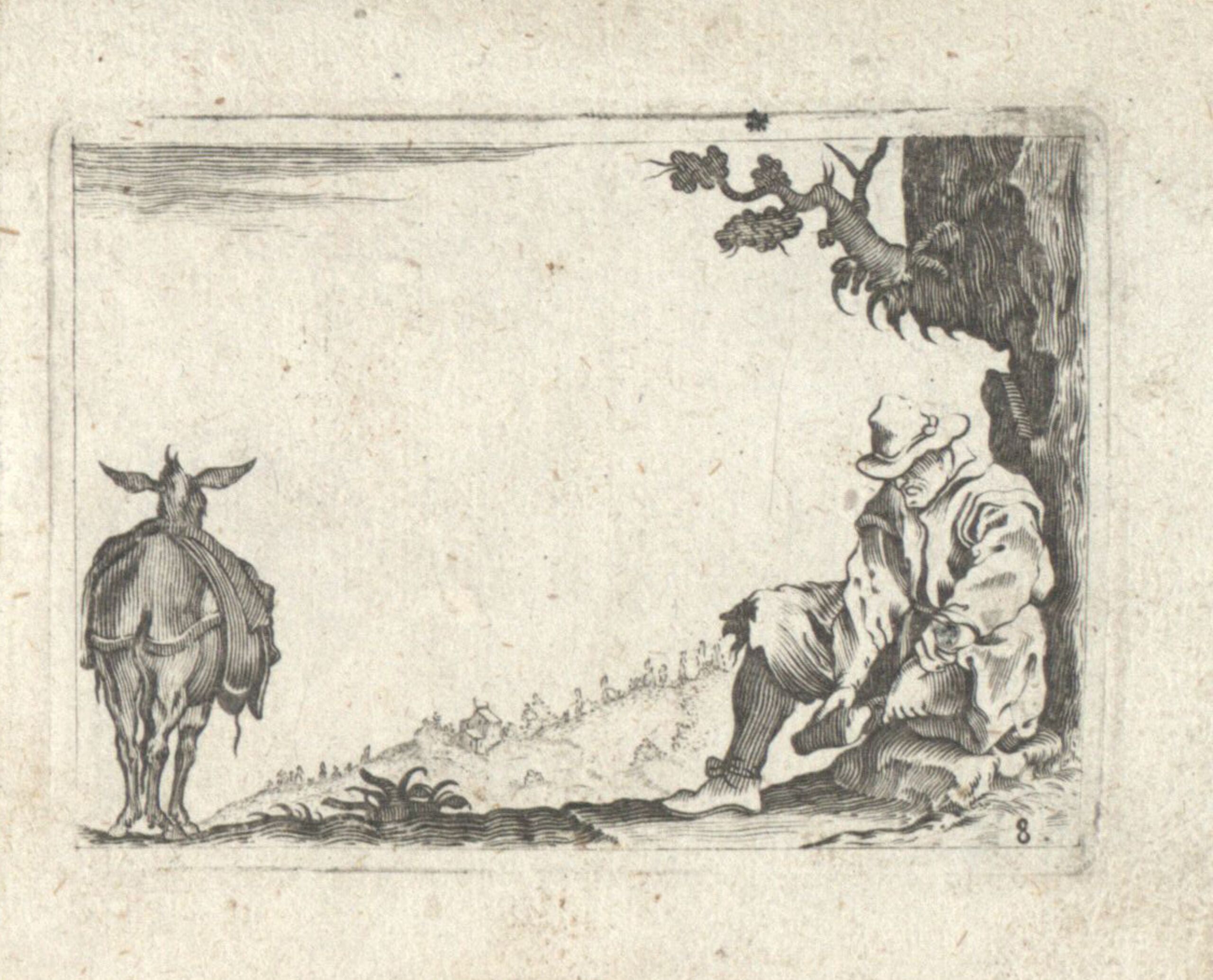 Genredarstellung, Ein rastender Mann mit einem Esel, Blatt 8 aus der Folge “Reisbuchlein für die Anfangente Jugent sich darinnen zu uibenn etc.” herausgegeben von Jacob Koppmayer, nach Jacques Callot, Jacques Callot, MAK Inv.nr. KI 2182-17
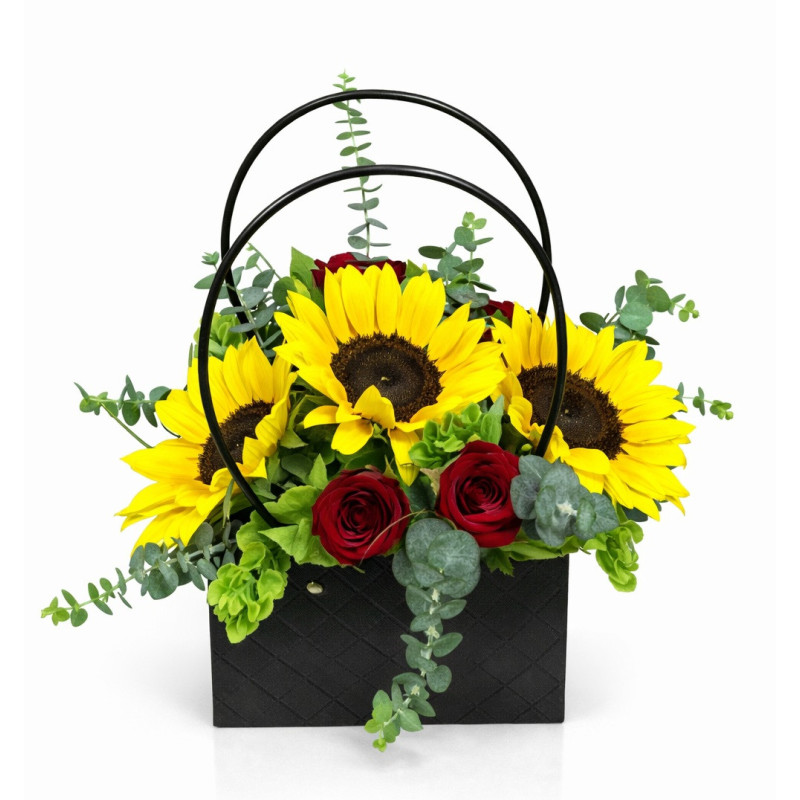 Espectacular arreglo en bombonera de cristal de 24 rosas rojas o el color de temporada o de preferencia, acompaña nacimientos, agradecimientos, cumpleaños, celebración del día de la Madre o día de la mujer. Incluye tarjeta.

::::::::

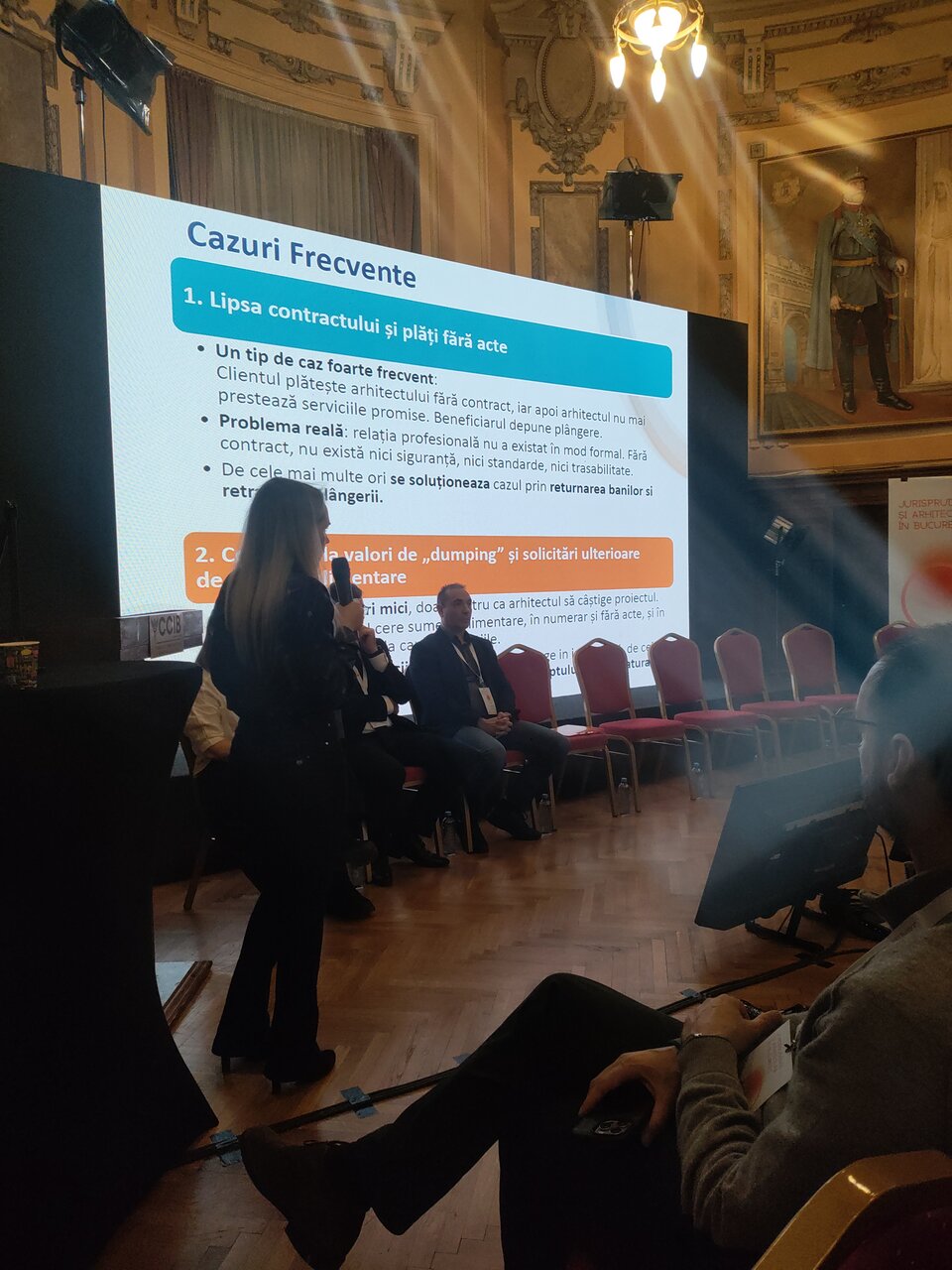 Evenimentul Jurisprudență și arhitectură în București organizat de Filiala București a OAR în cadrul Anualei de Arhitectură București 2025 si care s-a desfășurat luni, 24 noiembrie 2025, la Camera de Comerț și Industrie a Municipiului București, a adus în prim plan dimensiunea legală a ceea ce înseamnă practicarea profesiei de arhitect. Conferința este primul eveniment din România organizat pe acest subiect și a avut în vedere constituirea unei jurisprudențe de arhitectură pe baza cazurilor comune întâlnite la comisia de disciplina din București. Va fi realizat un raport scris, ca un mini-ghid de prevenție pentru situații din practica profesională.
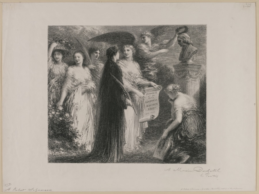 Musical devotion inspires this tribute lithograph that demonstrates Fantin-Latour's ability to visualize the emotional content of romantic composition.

::::::::

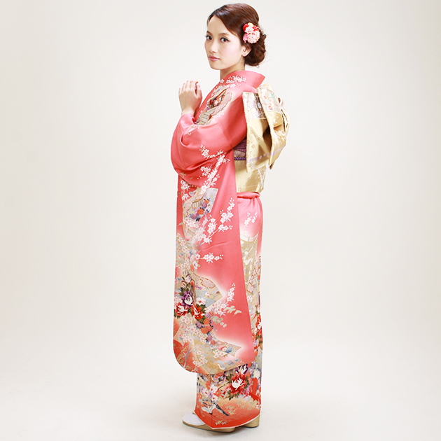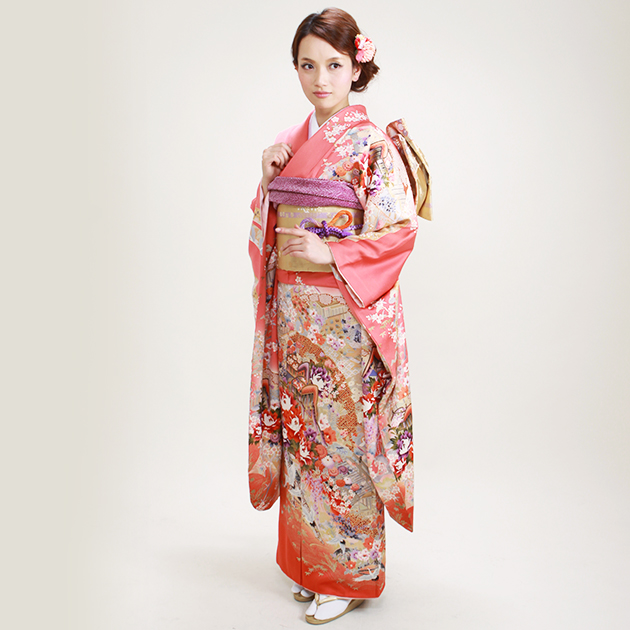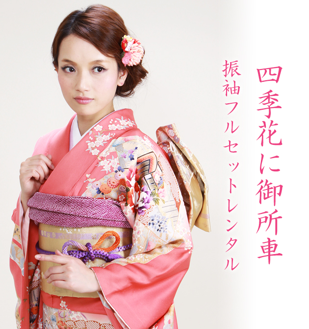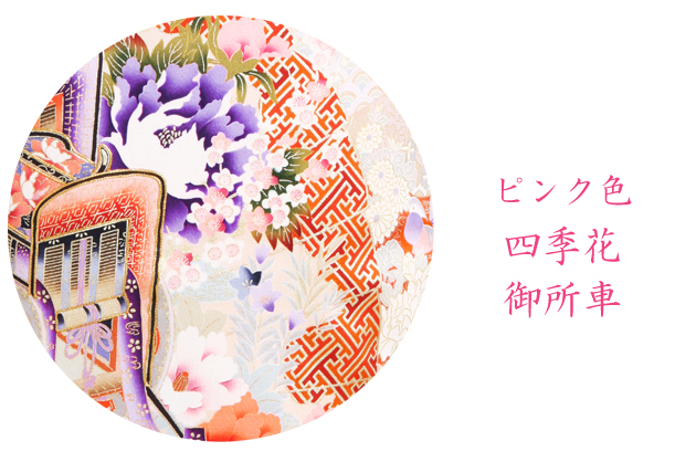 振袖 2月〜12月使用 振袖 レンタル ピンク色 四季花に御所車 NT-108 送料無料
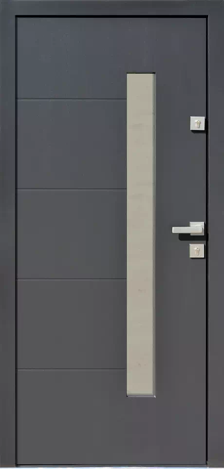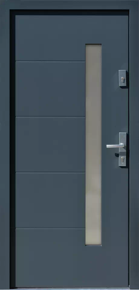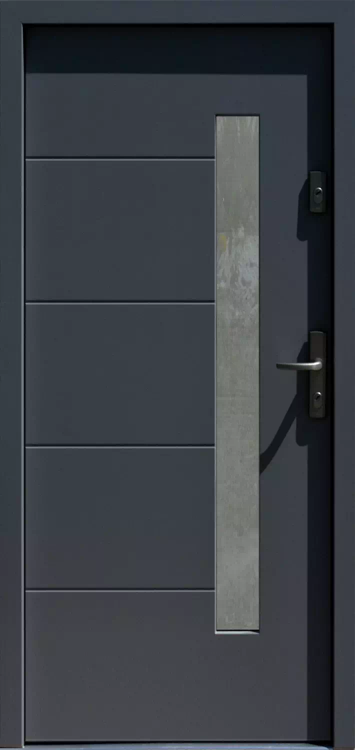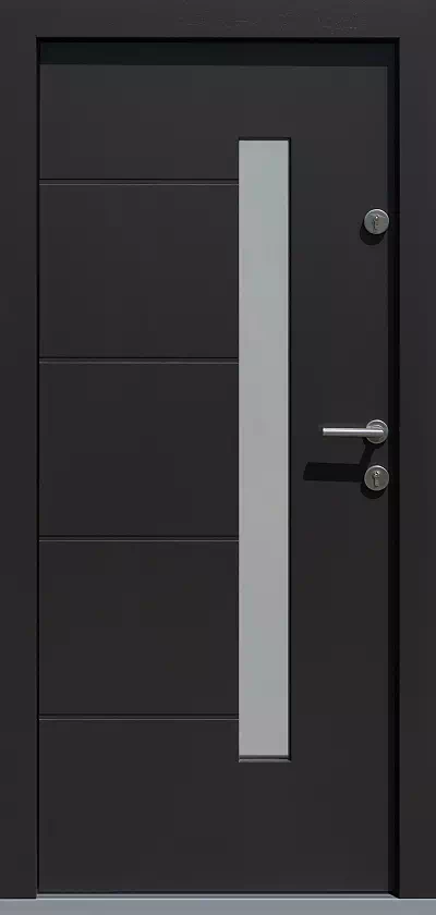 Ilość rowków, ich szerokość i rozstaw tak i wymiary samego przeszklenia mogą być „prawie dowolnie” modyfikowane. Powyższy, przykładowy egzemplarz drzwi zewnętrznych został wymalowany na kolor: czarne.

::::::::

▸ **Task details**: Your answer should consist of the lines above between those holding "Genredarstellung, Ein rastender" and "Espectacular arreglo en", inclusive, reproduced word for word and without pictures.

▸ **Answer to this task**:
 Genredarstellung, Ein rastender Mann mit einem Esel, Blatt 8 aus der Folge “Reisbuchlein für die Anfangente Jugent sich darinnen zu uibenn etc.” herausgegeben von Jacob Koppmayer, nach Jacques Callot, Jacques Callot, MAK Inv.nr. KI 2182-17
 Espectacular arreglo en bombonera de cristal de 24 rosas rojas o el color de temporada o de preferencia, acompaña nacimientos, agradecimientos, cumpleaños, celebración del día de la Madre o día de la mujer. Incluye tarjeta.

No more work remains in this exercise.